The first step before reusing anything, even a small function, is to check its documentation to see if there's a security warning about it. For example, the C standard includes a gets() function, but the documentation about it will warn you that gets() is dangerous. The problem is that gets() doesn't protect itself from buffer overflows; an attacker can simply send more data than the buffer passed to gets() can store. That will let the attacker control internal data and possibly take over the program.

Here's another example: every language has a function that returns a "random" value that is actually predictable. These functions are helpful for simulations (so you can re-run the simulation), but they are extremely dangerous if you're using them to create secret keys for security. Why? They make it easy for an attacker to determine the key.

If you're using a widely-used component, consider doing a Web search to see if there are known security issues about it or common ways to unintentionally use it.

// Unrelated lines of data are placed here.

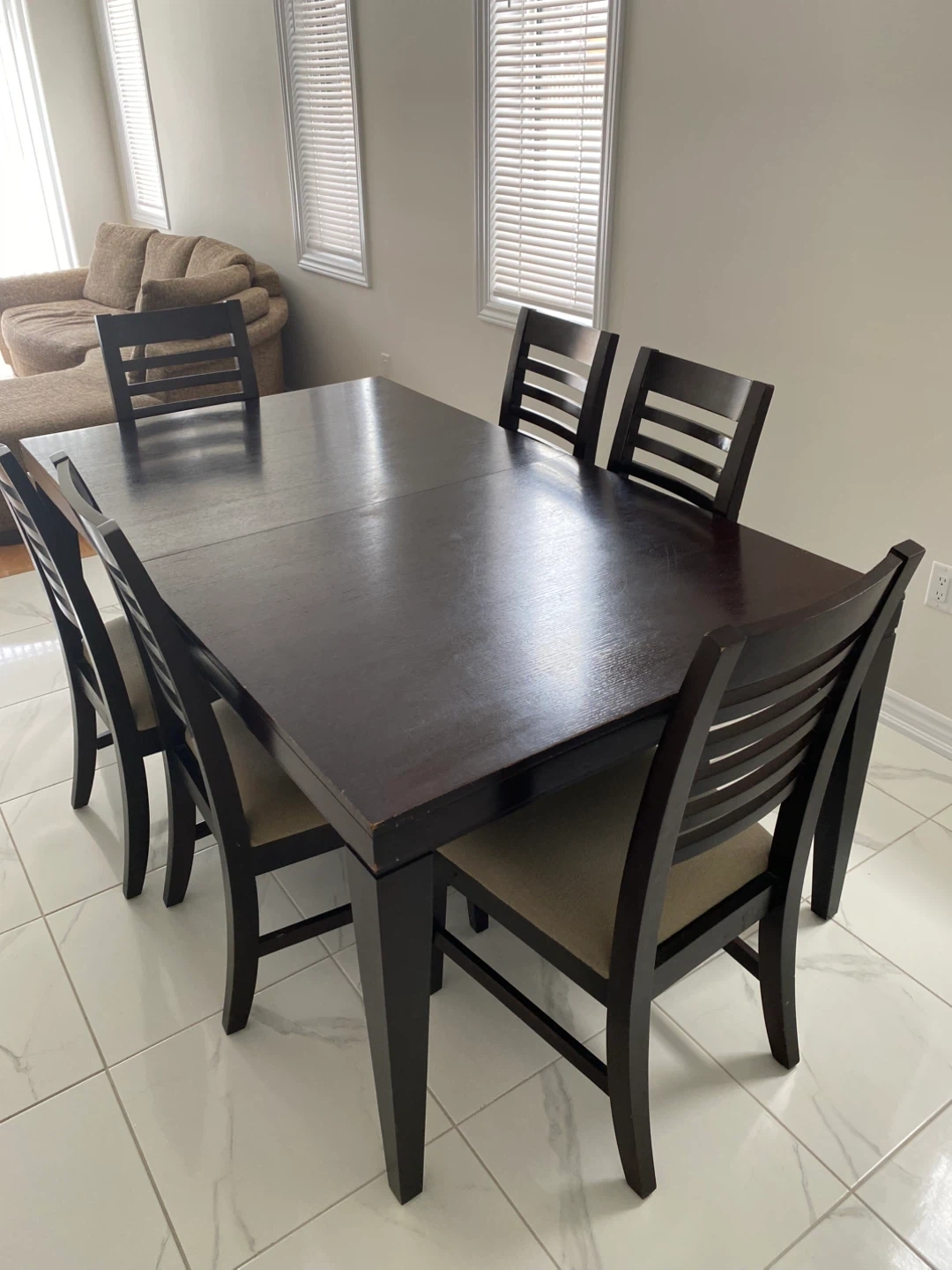 Dark wood dining table with six matching chairs. The chairs have upholstered seats for comfort. This set offers ample seating for family meals.
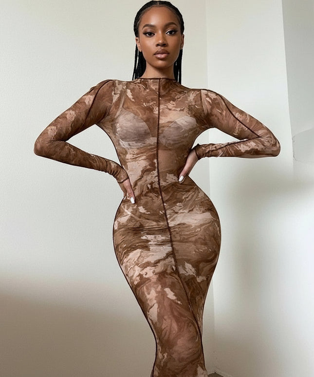 Mesh see-through bodycon dress
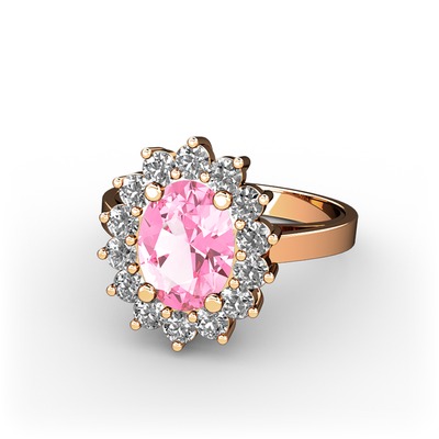 Pembe kuvars ve beyaz zirkon 925 ayar rose altın kaplama gümüş yüzük
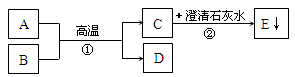 (6分)已知A、B为两种黑色粉末,D为红色单质。A、B、C、D、E五种物质之间的转化关系如下图所示。![]()
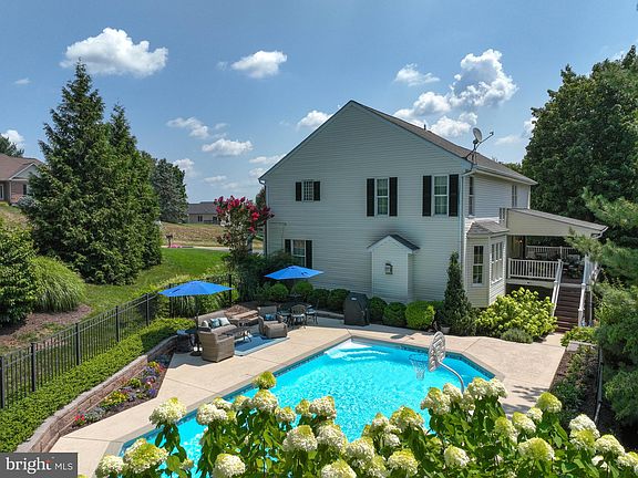 Nestled in the prestigious Cliveden Reach community, this immaculately maintained custom colonial home offers a serene retreat on 1.37 ACRES of lush landscape backing to tranquil woods. With 5 bedrooms and 3.5 baths, this residence provides ample space for comfortable living and entertaining. Feel the enchantment of the great outdoors with a private backyard oasis, complete with a covered porch, uncovered areas for basking in the sun, and a beautiful pool set amidst meticulously landscaped surroundings. Enjoy the tranquility and privacy that this outdoor space offers, making every day feel like a getaway. Step inside to discover a thoughtfully designed interior, with natural light streaming throughout, fresh paint, remote control shades on the first level and gleaming hardwood floors. The family room in this home boasts a cozy window seat that overlooks the wooded backyard as well as gas fireplace. Perfect combination for entertainment and relaxation. The kitchen is a chef's dream with granite countertops, stainless steel appliances, new stove/range (2020), new refrigerator (2021), new dishwasher (2023) and a sliding door leading to the deck, making outdoor dining a breeze. A separate dining area adds to the appeal of this ideal home for holiday gatherings and special occasions. The upper level of this home has three bedrooms and the primary suite all with new carpet (2024). The primary bedroom features a walk in closet and updated primary bath with a new shower door (2024). The second bedroom is oversized with fresh paint, a cozy window seat as well as two walk in closets. Descend to the basement, which features an additional bedroom and full bath, providing extra space for guests or versatile use. The walkout basement invites you to seamlessly transition between indoor and outdoor living, enhancing the overall functionality of the home. Plenty of storage in the lower level with an oversized unfinished room. With a three-car garage, first-floor laundry, new water heater (2024) and a meticulous history of ownership by one proud owner, this home truly embodies pride of ownership in every detail. Don't miss out on the opportunity to make this impeccable Cliveden Reach residence your own and experience the epitome of luxurious living in a peaceful and sought-after community. Property line goes past the fence line. This property is public water and sewage and trash service.
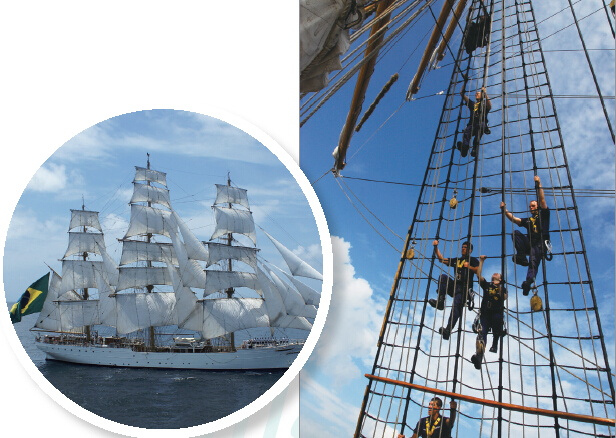 从最基础的爬桅杆开始,到最后参加全程的操纵训练,加上远洋航行,体验以人力和海洋搏斗的感觉,不仅可以使实习学员实践在学校学到的理论知识,同时通过风帆操纵训练能够锻炼和培养官兵的勇气、胆量和信心。风帆训练的过程是组织、指挥与协调的过程,同时也是培养团队精神的过程。
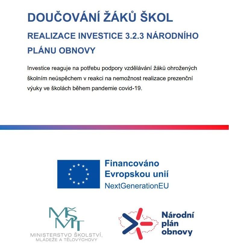 Doučování žáků škol – Realizace investice 3.2.3 Národního plánu obnovy
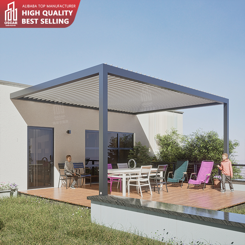This is Oscar's aluminum alloy electric louver Pavilion, which is very popular in outdoor environment.
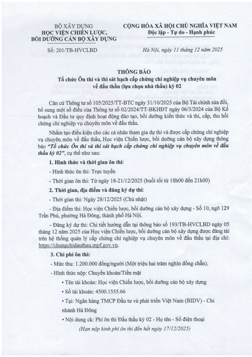 Đăng kí ôn thi và thi nghiệp vụ chuyên môn về đấu thầu (kỳ 2) 14/12/2025 Lượt xem : 18 Bình luận : 0 Chia sẻ : Tải xuống Tệp đnh kèm Thêm bình luận mới Bình luận của bạn đã đợc gửi thành công. Cảm ơn bạn! Làm mới Lỗi. Vui lòng thử lại Gửi bình luận
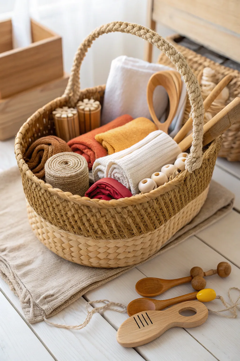 Curate a basket with eco-friendly items like bamboo utensils and cotton cloths. It’s never too early to introduce sustainable materials to the little ones.
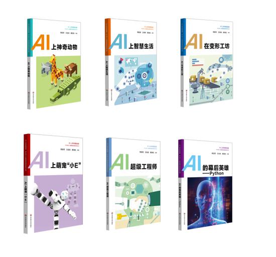Seis libros de la primera serie de diez textos sobre inteligencia artificial, concebidos para estudiantes de primaria y secundaria. Los cuatro libros restantes se publicarán en el 2019. (Foto: Archivo/ Editorial de la Universidad Normal del Este de China)

Be especially careful if you're trying to reuse an entire program intended for human interaction -- a good rule is that you shouldn't do that. Programs intended for human interaction try to be "helpful" and guess the user's intent. This "help" can also aid an attacker to create data to mislead the program.

Programs intended for human interaction often undergo subtle changes over time that are nice for users, but can confuse programs that try to call them. Also, these programs often have functions that let the user invoke other programs on their behalf. For example, text-editing programs such as vim (vi), emacs, and the ancient "ed" program include functions that let a user call out to the operating system command shell, creating an easy target for attacker exploitation. When text editing on a Unix-like system, it is safer to use one of the many commands intended for use by programs such as sed, tr, gawk, or perl.

The same is true for word processing, spreadsheet programs, and so on. Generally, human-interactive programs should be written so that they build on a set of other components that can be called by programs. That way, it's much easier to fix the user interface and it's easier for other programs to reuse the capabilities of the program as well.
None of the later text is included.